- Paula Court
Near the end of our chat, Annie-B Parson asked me why I thought it was important to talk with artists about their creative process. Whether she intended it, I sensed some resistance in the question, a resistance I think she shares with other artists and that I, as a playwright, have felt, too. I think it’s good for certain aspects of a process to be inarticulate or unarticulated. Not because it preserves a romantic notion of mystery or prevents people from having access to the work, but because there is such a drive in our culture to tabulate and quantify and dissect every thing that we do—and much is lost in that process. A great deal ends up being oversimplified or made overly complex when we insist on getting the arts down in words or numbers. The inability to put it into words, the failure of language alone, is precisely why we so often turn to the arts for other modes and means of expression.
Inarticulateness is of particular interest in the new show on which Parson and Paul Lazar are collaborating with playwright Sibyl Kempson, Ich, Kürbisgeist, which opens today at The Chocolate Factory (co-comissioned with PS 122). I stopped by at the tail-end of one of their rehearsals last week to talk to them about the show, whose dialogue is written in a language that Kempson invented and which no one in the world, except those involved in the production, speaks—or has any knowledge of.
Parson and Lazar have been making work together as the Artistic Directors of Big Dance Theater for over 20 years. They’re also married. Big Dance Theater has gained an international reputation for creating thoughtful, surprising, and rigorous dance theater work that often brings together seemingly incompatible material, as they did in their 2004 work Plan B, which combined the secret recordings of Richard Nixon with an obscure figure in early-1800s German popular culture, among other things. Another commonality in their work, as seems to be the case in this new work, Ich, Kürbisgeist , is how they often seem to enjoy feeling like outsiders looking in on a culture or subject that they are not familiar with.

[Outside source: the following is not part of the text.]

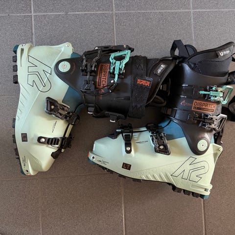 Godt brukt Dispatch Pro i str 26,5 (+/-42) toppturstøvel selges 1500,- Støvlene er brukt tre år, men er like hele, både skallet og innerstøvlen. Innerstøvlen har Boa-stramming og sitter tight og fint. Har montert ekstra powerplate som kan tas av (to skruer) hvis man ønsker en litt mykere støvel. Innerstøvlen har jeg passet ekstra over tærne og hælen for tightere passform. Og det er plate bakpå leggen for mer vinkel. Denne sitter bare med borrelås og kan fjernes. De veier nå 1600g ink plater og padding. Selges uten innersåler, da jeg har brukt formstøpte. God fleks og kjørestøvel samtidig som vekta er ok. Har vært godt fornøyd! Sålelengde 304mm.

Parson touched on this idea in an interview with BOMB magazine in 2007, when discussing Big Dance Theater’s piece The Other Here: “We’re tourists in a sense to Chekhov, and to folk dance, and to Japan. We’ll always try to remain in this observing, learning stance; we like to bring that out.” In my own chat with them I asked both Parson and Lazar what that was about for them—that desire to observe and react to the unfamiliar. Lazar related an anecdote that the playwright Sibyl Kempson had told him, about being in a foreign country. “She really enjoyed letting the language wash over her—it liberated her from the verbal back and forth.” He went on to say that he enjoyed the unfamiliarity with the language in Ich, Kürbisgeist because it allowed him to “play this game where the odd surfaces of the language induce a more sharp and playful listening.”
Parson, a choreographer by training, spoke about a similar experience related to seeing dance: “As you watch a new dance piece, you amass a new movement vocabulary.” She and Lazar went on to walk more about the idea of being a “tourist” in a variety of settings, but what seemed to come across most clearly is that, for them, there was a value in the experience of having to acknowledge one’s own ignorance—that it freed them up to gain new information that may not fit with what they already knew or that may do something familiar in a totally different way.